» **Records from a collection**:
Start of Block

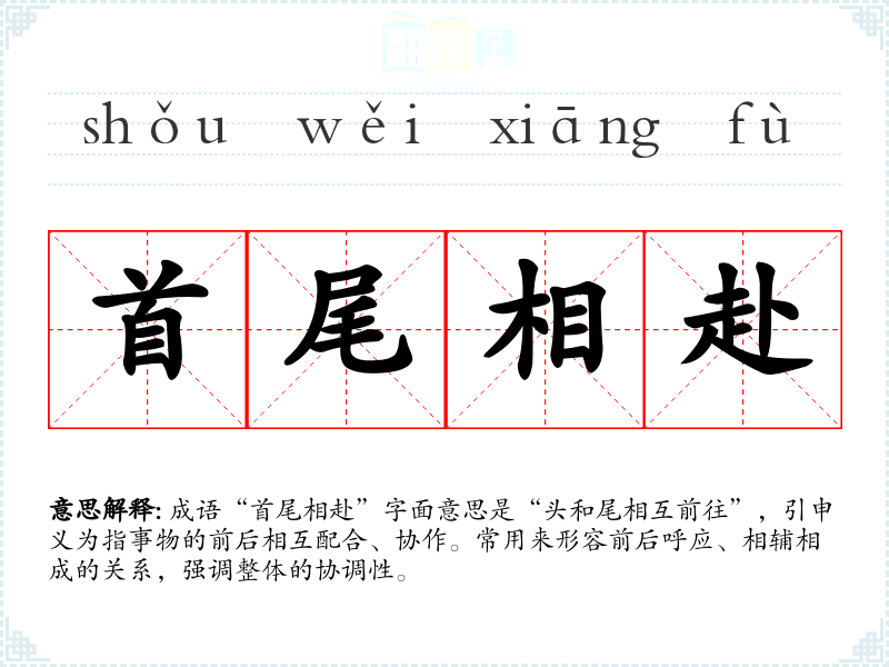 成语“首尾相赴”字面意思是“头和尾相互前往”,引申义为指事物的前后相互配合、协作。常用来形容前后呼应、相辅相成的关系,强调整体的协调性。
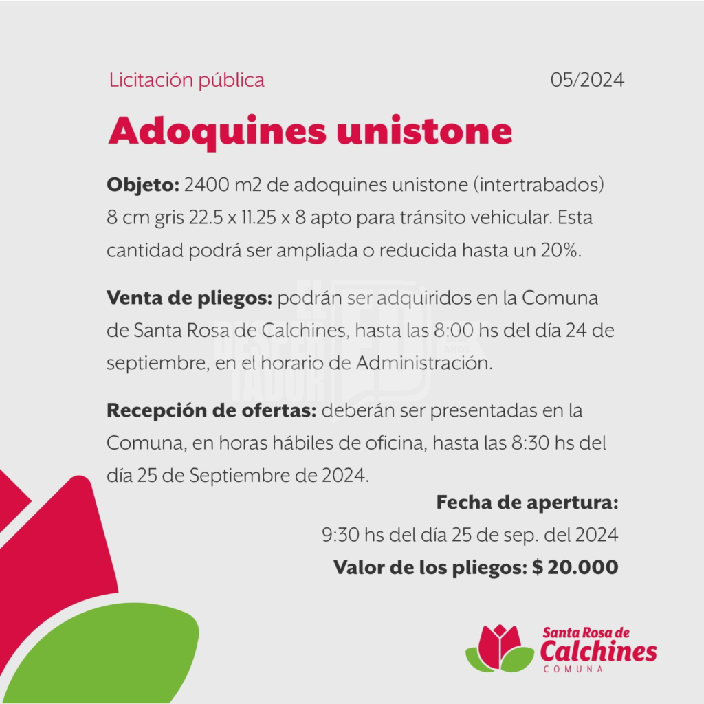 La Comuna de Santa Rosa de Calchines anunció la apertura de la licitación pública 05/2024 para la adquisición de adoquines que serán utilizados en diversas calles de la localidad. Las empresas interesadas podrán presentar sus ofertas hasta el 25 de septiembre, con el objetivo de mejorar la infraestructura vial en los barrios más transitados.
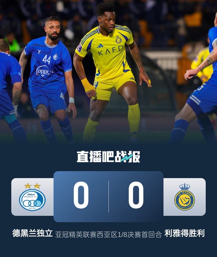 杜蘭屢失良機(jī)、C羅缺陣,利雅得勝利客場(chǎng)0-0戰(zhàn)平德黑蘭獨(dú)立。
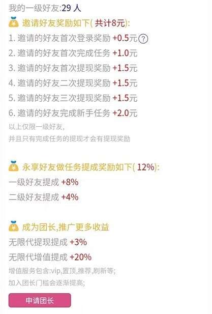 邀请2级提成,直推8%,间推4%,邀请10个活跃直推可升级为团长,拿无限代3%奖励,下级做单,放单,刷新,置顶都有收益。
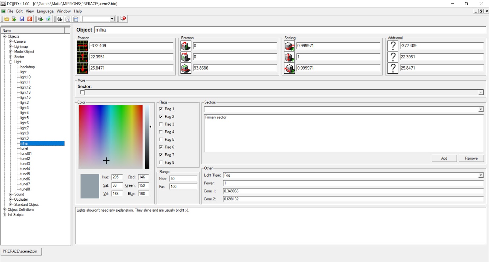Using the same DCED, we reopen the "scene2.bin" file of the mission we want and look for the above light: Will only have to edit the distances (Range) - "Near" and "Far", which are indicated as a percentage in relation to the maximum viewing distance. When I increased it to 600 meters, the fog effect also moved away from the player’s camera and became almost imperceptible. How it works can be seen in the following figure: By this logic to get the initial effect of the fog, its parameters should also reduce the distance twice:
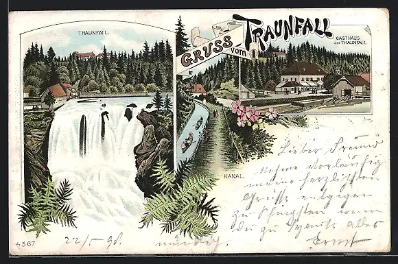 Lithographie Traunfall, Partie mit dem Gasthaus am Traunfall, Kanal & Wasserfall
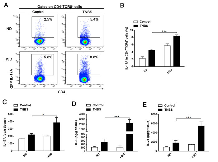 Figure 5: Th17 response was stimulated in acute TNBS-induced colitis of mice fed a HSD. A. and B. the proportion of GFP IL-17A+ cells within the CD4+TCRβ+ LI LP lymphocytes. Cells were isolated from specified diet IL-17A-GFP mice 3 days after colitis induction and incubated for 4 hr with PMA/Ionomycin and GolgiPlug (n = 8). C., D. and E. ELISA analysis of the colonic IL-17A (C), IL-6 (D) and IL-21 (E) of ND or HSD colitis-induced mice, colonic tissues were sampled from specified diet mice 3 days following induction of colitis (n = 8). Data are expressed as mean ± SEM from three independent experiments.
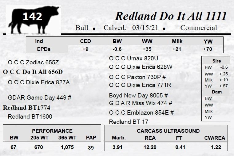 All bulls selling for $2,500 or more will be covered 50% by Redland Angus if they are injured during their first breeding season.
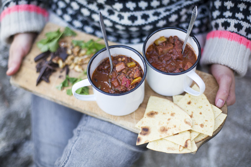 Friday night. Elsa is sleeping. Finally time to write that post we prepared earlier this week. I’ve been looking forward to share this recipe, as I am pretty certain that many of you will like it. This bean chili (or chili sin carne, as David calls it) is not only warm, comforting and spicy. It also has the most wonderful flavor from dark chocolate, coffee, red wine and crunchy walnuts. I seriously can’t think of a more perfect recipe to embrace autumn with.
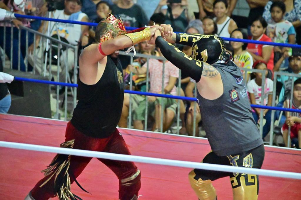Además de esta lucha, los solidarenses también disfrutaron del triunfo del joven sensación quintanarroense Guerrero del Futuro Jr. y el ídolo de la lucha de fantasía Chikitín, quienes le ganaron a los malosos del Rey Espartano y Ángel de la Muerte, lucha a dos de tres caídas sin límite de tiempo.
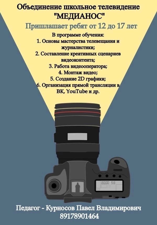 Объединение школьное телевидение "МЕДИАНОС" - педагог Курносов Павел Владимирович
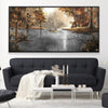 Experience the peaceful journey of rowing through a forested river with this captivating canvas wall art. Muted tones of brown, beige, and dark grey evoke the quietude of nature, reflecting the harmony between land and water. This framed wall art beautifully complements rustic and contemporary interiors alike, adding a touch of natural tranquility.
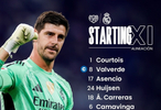 替补:13-卢宁、43-梅斯特雷、3-米利唐、4-阿拉巴、9-恩德里克、11-罗德里戈、12-亚历山大-阿诺德、16-贡萨洛-加西亚、19-塞瓦略斯、20-弗兰-加西亚、23-费兰-门迪
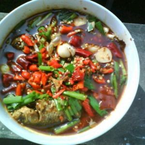 中火将干辣椒花椒豆瓣等炒香后,翻动鱼身,使鱼身尽量裹满调料汤汁,放入清水,和醋,刚没过鱼身最佳
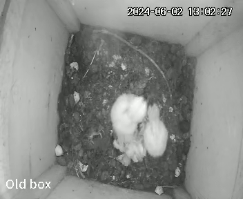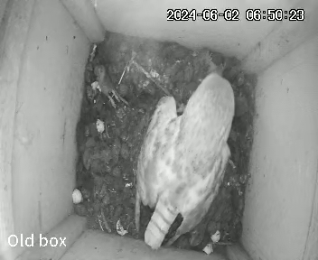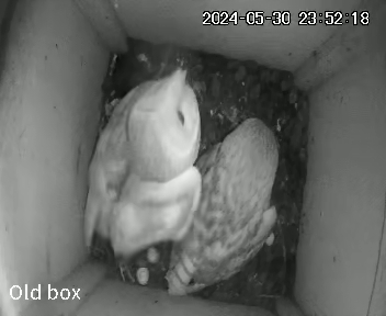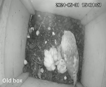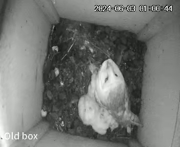 I was worried that I had not seen Barny whilst scrolling through the video footage. Had something happened to him? Was Marny having to leave the chicks each night to hunt because he was no longer there? However I caught a fleeting glimpse of Barny the other night. He drops food into the box but does not hang around. It’s just a quick “deliveroo” and he’s off again.
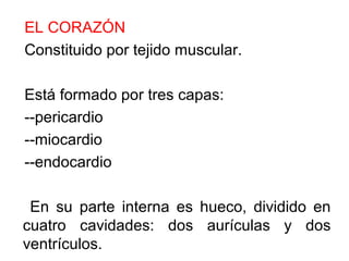 El sistema circulatorio está formado por el corazón, los vasos sanguíneos y la sangre. El corazón bombea la sangre a través de las arterias, vasos capilares y venas para transportar oxígeno, nutrientes y desechos a todas las células del cuerpo a través de un proceso continuo conocido como circulación sanguínea.
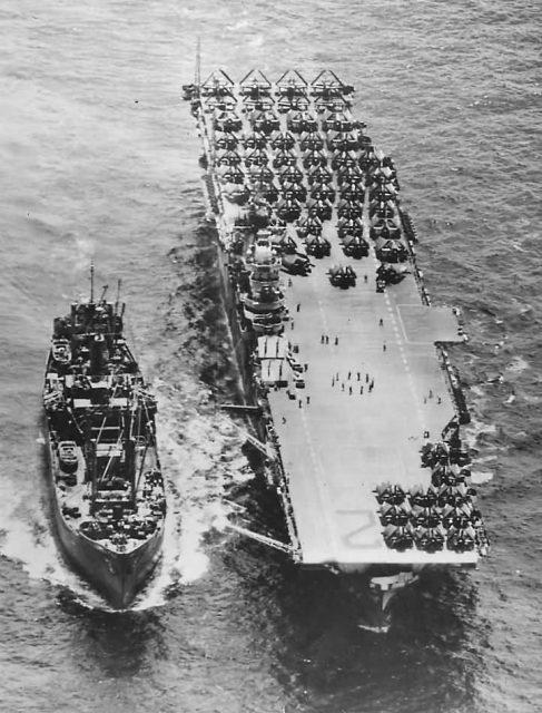 1944年夏天,在菲律宾海海战的两天里,美国航空母舰航空团的飞行员们击落了日本海军90%以上的航空作战力量。1945年春天,美国航空母舰航空团击沉了日本海军的5艘战列舰,其中包括“武藏号”和“大和号”,同时击沉了日本海军的11艘航空母舰、14艘巡洋舰及一些其他的军舰。战争结束时,美国航空母舰航空团的飞行员们在空中决斗中击落了超过9000架日军战机,而且几乎一半的舰载机是从埃塞克斯级航空母舰上起飞升空的,埃塞克斯级航空母舰的航空团为美国在太平洋战场的胜利做出了巨大贡献。

End of Block

» **Activity**: Make an exact copy of every entry above, but keep the pictures out of it.

» **Exercise solution**:
 成语“首尾相赴”字面意思是“头和尾相互前往”,引申义为指事物的前后相互配合、协作。常用来形容前后呼应、相辅相成的关系,强调整体的协调性。
 La Comuna de Santa Rosa de Calchines anunció la apertura de la licitación pública 05/2024 para la adquisición de adoquines que serán utilizados en diversas calles de la localidad. Las empresas interesadas podrán presentar sus ofertas hasta el 25 de septiembre, con el objetivo de mejorar la infraestructura vial en los barrios más transitados.
 杜蘭屢失良機(jī)、C羅缺陣,利雅得勝利客場(chǎng)0-0戰(zhàn)平德黑蘭獨(dú)立。
 邀请2级提成,直推8%,间推4%,邀请10个活跃直推可升级为团长,拿无限代3%奖励,下级做单,放单,刷新,置顶都有收益。
Using the same DCED, we reopen the "scene2.bin" file of the mission we want and look for the above light: Will only have to edit the distances (Range) - "Near" and "Far", which are indicated as a percentage in relation to the maximum viewing distance. When I increased it to 600 meters, the fog effect also moved away from the player’s camera and became almost imperceptible. How it works can be seen in the following figure: By this logic to get the initial effect of the fog, its parameters should also reduce the distance twice:
 Lithographie Traunfall, Partie mit dem Gasthaus am Traunfall, Kanal & Wasserfall
 Figure 5: Th17 response was stimulated in acute TNBS-induced colitis of mice fed a HSD. A. and B. the proportion of GFP IL-17A+ cells within the CD4+TCRβ+ LI LP lymphocytes. Cells were isolated from specified diet IL-17A-GFP mice 3 days after colitis induction and incubated for 4 hr with PMA/Ionomycin and GolgiPlug (n = 8). C., D. and E. ELISA analysis of the colonic IL-17A (C), IL-6 (D) and IL-21 (E) of ND or HSD colitis-induced mice, colonic tissues were sampled from specified diet mice 3 days following induction of colitis (n = 8). Data are expressed as mean ± SEM from three independent experiments.
 All bulls selling for $2,500 or more will be covered 50% by Redland Angus if they are injured during their first breeding season.
 Friday night. Elsa is sleeping. Finally time to write that post we prepared earlier this week. I’ve been looking forward to share this recipe, as I am pretty certain that many of you will like it. This bean chili (or chili sin carne, as David calls it) is not only warm, comforting and spicy. It also has the most wonderful flavor from dark chocolate, coffee, red wine and crunchy walnuts. I seriously can’t think of a more perfect recipe to embrace autumn with.
Además de esta lucha, los solidarenses también disfrutaron del triunfo del joven sensación quintanarroense Guerrero del Futuro Jr. y el ídolo de la lucha de fantasía Chikitín, quienes le ganaron a los malosos del Rey Espartano y Ángel de la Muerte, lucha a dos de tres caídas sin límite de tiempo.
 Объединение школьное телевидение "МЕДИАНОС" - педагог Курносов Павел Владимирович
 Experience the peaceful journey of rowing through a forested river with this captivating canvas wall art. Muted tones of brown, beige, and dark grey evoke the quietude of nature, reflecting the harmony between land and water. This framed wall art beautifully complements rustic and contemporary interiors alike, adding a touch of natural tranquility.
 替补:13-卢宁、43-梅斯特雷、3-米利唐、4-阿拉巴、9-恩德里克、11-罗德里戈、12-亚历山大-阿诺德、16-贡萨洛-加西亚、19-塞瓦略斯、20-弗兰-加西亚、23-费兰-门迪
 中火将干辣椒花椒豆瓣等炒香后,翻动鱼身,使鱼身尽量裹满调料汤汁,放入清水,和醋,刚没过鱼身最佳
 I was worried that I had not seen Barny whilst scrolling through the video footage. Had something happened to him? Was Marny having to leave the chicks each night to hunt because he was no longer there? However I caught a fleeting glimpse of Barny the other night. He drops food into the box but does not hang around. It’s just a quick “deliveroo” and he’s off again.
 El sistema circulatorio está formado por el corazón, los vasos sanguíneos y la sangre. El corazón bombea la sangre a través de las arterias, vasos capilares y venas para transportar oxígeno, nutrientes y desechos a todas las células del cuerpo a través de un proceso continuo conocido como circulación sanguínea.
 1944年夏天,在菲律宾海海战的两天里,美国航空母舰航空团的飞行员们击落了日本海军90%以上的航空作战力量。1945年春天,美国航空母舰航空团击沉了日本海军的5艘战列舰,其中包括“武藏号”和“大和号”,同时击沉了日本海军的11艘航空母舰、14艘巡洋舰及一些其他的军舰。战争结束时,美国航空母舰航空团的飞行员们在空中决斗中击落了超过9000架日军战机,而且几乎一半的舰载机是从埃塞克斯级航空母舰上起飞升空的,埃塞克斯级航空母舰的航空团为美国在太平洋战场的胜利做出了巨大贡献。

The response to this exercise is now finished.